If you find yourself forced into early retirement, the first thing you should do is acknowledge your emotions and resist the urge to make any big decisions, advises Josh Nelson, a financial advisor and CEO/founder of Keystone Financial Services in Loveland, Colo. "Financial decisions made when you are emotional can lead to bad choices."

After you've given yourself some time to process what has happened and accepted that this means a change of plans, the next step is to create a new plan. But rather than go it alone, you'll want to put together a team that can help you make this transition a successful one.

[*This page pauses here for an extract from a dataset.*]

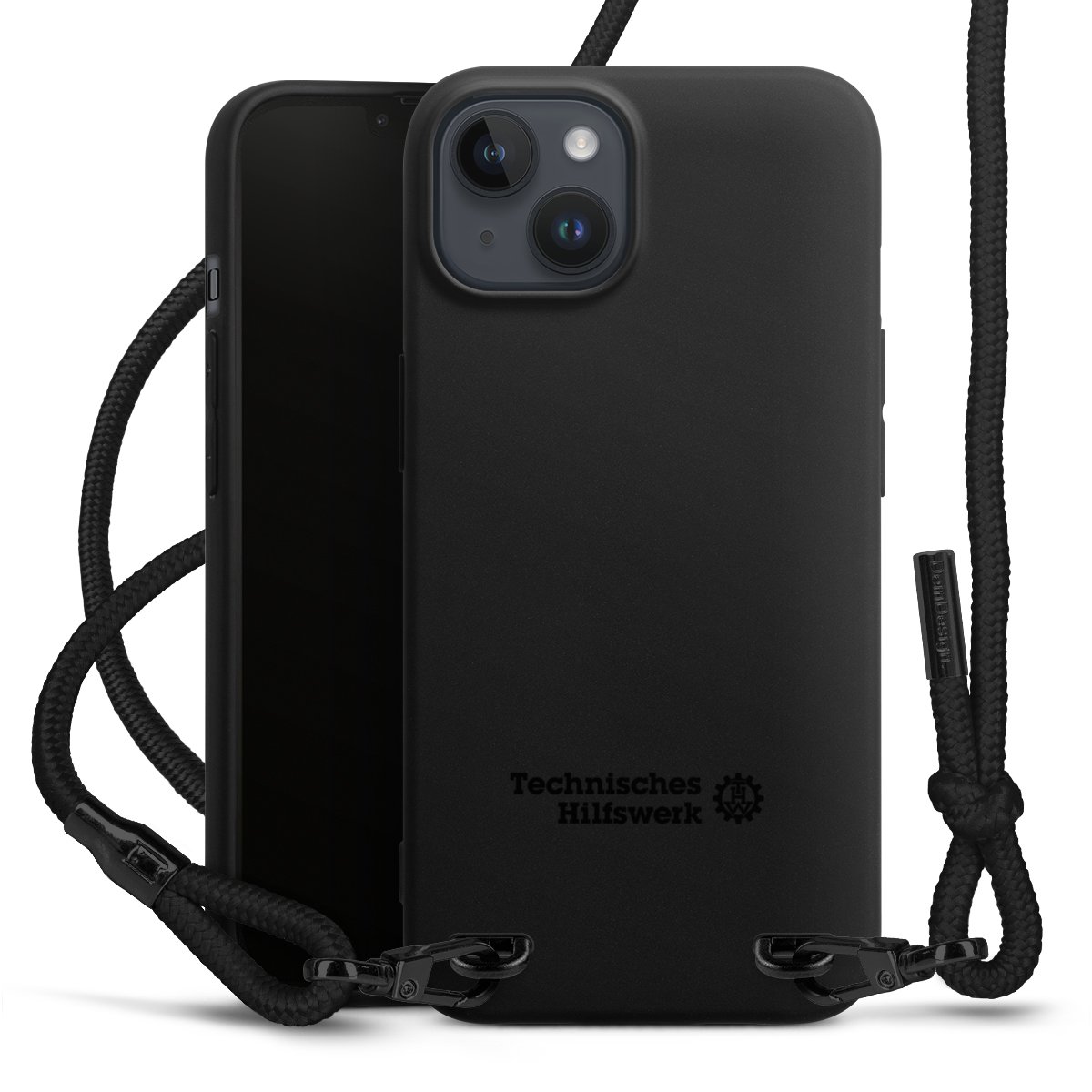 Pure Black: Handyhülle, Stoffband und Metalldetails in stylischem Mattschwarz.

If your company did a mass layoff, chances are they brought in experts to handle the downsizing. "The company could have resources available at termination like an outplacement agency," says Nelson. Take advantage of these resources for as long as you possibly can. Then, bring a financial advisor into the picture to walk you through your financial options going forward. Here are a few things you'll likely consider:

  1. Uncover Hidden Pensions
    If you once worked for another company that offered a pension, it is possible that the account still exists—it may have just been frozen when you left, says Nelson. That added money could help pad the retirement savings you already have.

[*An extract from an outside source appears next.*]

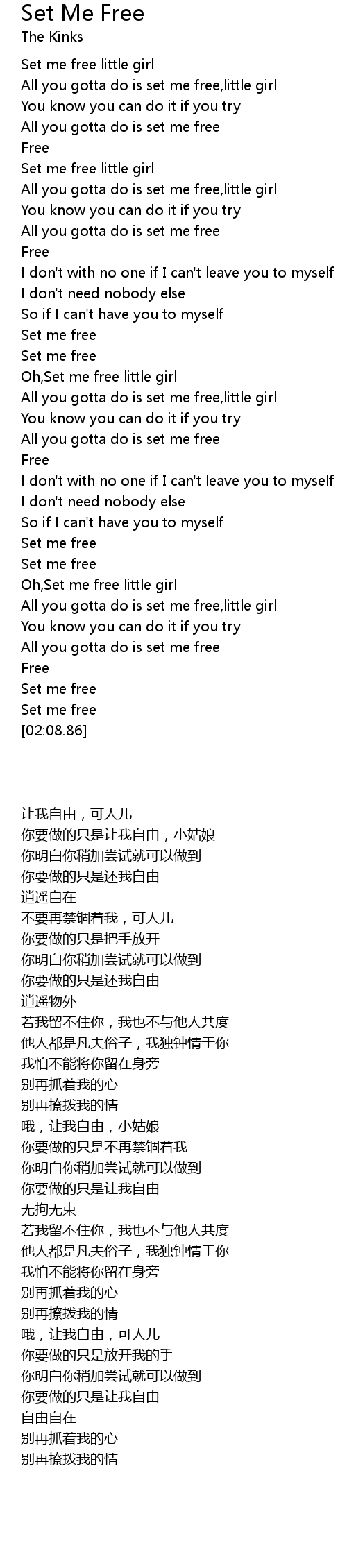 All you gotta do is set me free,little girl |

  2. Address Medical Costs
    "Health insurance costs are some of the greatest costs throughout retirement," says Steven P. Azoury, CLU, ChFC, owner of Azoury Financial in Troy, Mich. If your company doesn't offer you an extension on your health insurance, and you're still too young to qualify for Medicare, getting another job that provides benefits—even if it's part-time—is a good option. So is becoming a dependent on your spouse's insurance.
  3. Know Your Budget
    "Most people don't know where their money is going and that's why putting together a balance sheet that you can review with a financial advisor is so important," says Nelson. "It allows you to see the reality of how much it costs to live for a month, and how much it would cost if you didn't get a paycheck." Once you have a good sense of your fixed expenses (your mortgage and car insurance, for example) and your discretionary expenses (such as cable, dining out, and vacations), you can decide where you can make some cuts.
  4. Make a Move
    "If you were planning to downsize from your family home in retirement, do it sooner rather than later," says Azoury. All those taxes and expenses that you'll save as a result can go into your retirement funds.